Employees pose for a photograph with “Le pont de Trinquetaille” by Vincent van Gogh at Christie’s gallery prior to the New York spring season of evening sales, in London, Britain, April 22, 2021. REUTERS/Peter Nicholls
April 22, 2021
By Hanna Rantala
LONDON (Reuters) – Paintings by Pablo Picasso, Piet Mondrian and Vincent Van Gogh went on display at Christie’s in London on Thursday ahead of a May sale, with the auction house encouraging art fans to book viewings while museums remain closed in Britain.
The three oil paintings are the highlights of the upcoming “20th Century Evening Sale” on May 13 in New York. They were previously on show in Hong Kong.

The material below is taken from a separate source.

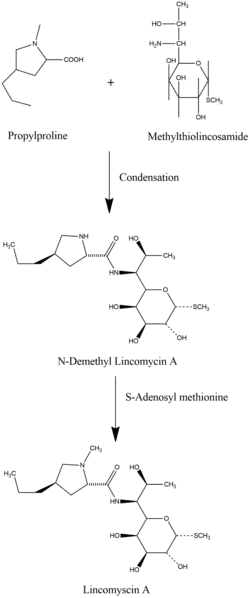 Chemical synthesis of lincomycin A. Propylproline and methylthio-lincosamide are joined via a condensation reaction. This reaction forms N-demethyllincomycin A, which is methylated via S-adenosylmethionine to form lincomycin A.

The sale will be led by Picasso’s 1932 work “Femme assise près d’une fenêtre (Marie-Thérèse)”, a portrait of the artist’s mistress, which is seen selling around $55 million.
“It’s an incredibly iconic image. It hasn’t been seen up at auction since 2013,” Keith Gill, head of the Impressionist and Modern Art department at Christie’s London, told Reuters.
“And the appreciation of Marie-Therese portraits, particularly from 1932, has very much grown since that time. So this will be a stand-out price for the artist.”
Mondrian’s “Composition: No. II, with Yellow, Red and Blue” makes its first public outing in nearly 30 years. The painting has been in private hands since it last appeared at auction in 1993, Gill said. It is estimated to sell in the region of $25 million.
“Mondrians of this quality, of this iconic sort of modernist image, are incredibly rare. The vast majority are in museums and … we haven’t had a Mondrian of this quality at auction since 2015,” he said.
Van Gogh’s “Le pont de Trinquetaille” is seen selling for $25 million to $35 million.
To see the artworks, visitors must book viewings online, with numbers capped in line with local COVID-19 restrictions. Under Prime Minister Boris Johnson’s roadmap out of lockdown, museums are set to open doors from May 17.
“There is this perception that you have to arrive at the front door and be met by various security staff to walk in the building but Christie’s is very much an open door policy,” Gill said.
“This art may well disappear from view now for 20, 30 years. It is a fantastic opportunity for people to come and see art that is museum quality when unfortunately the museums are still not yet open.”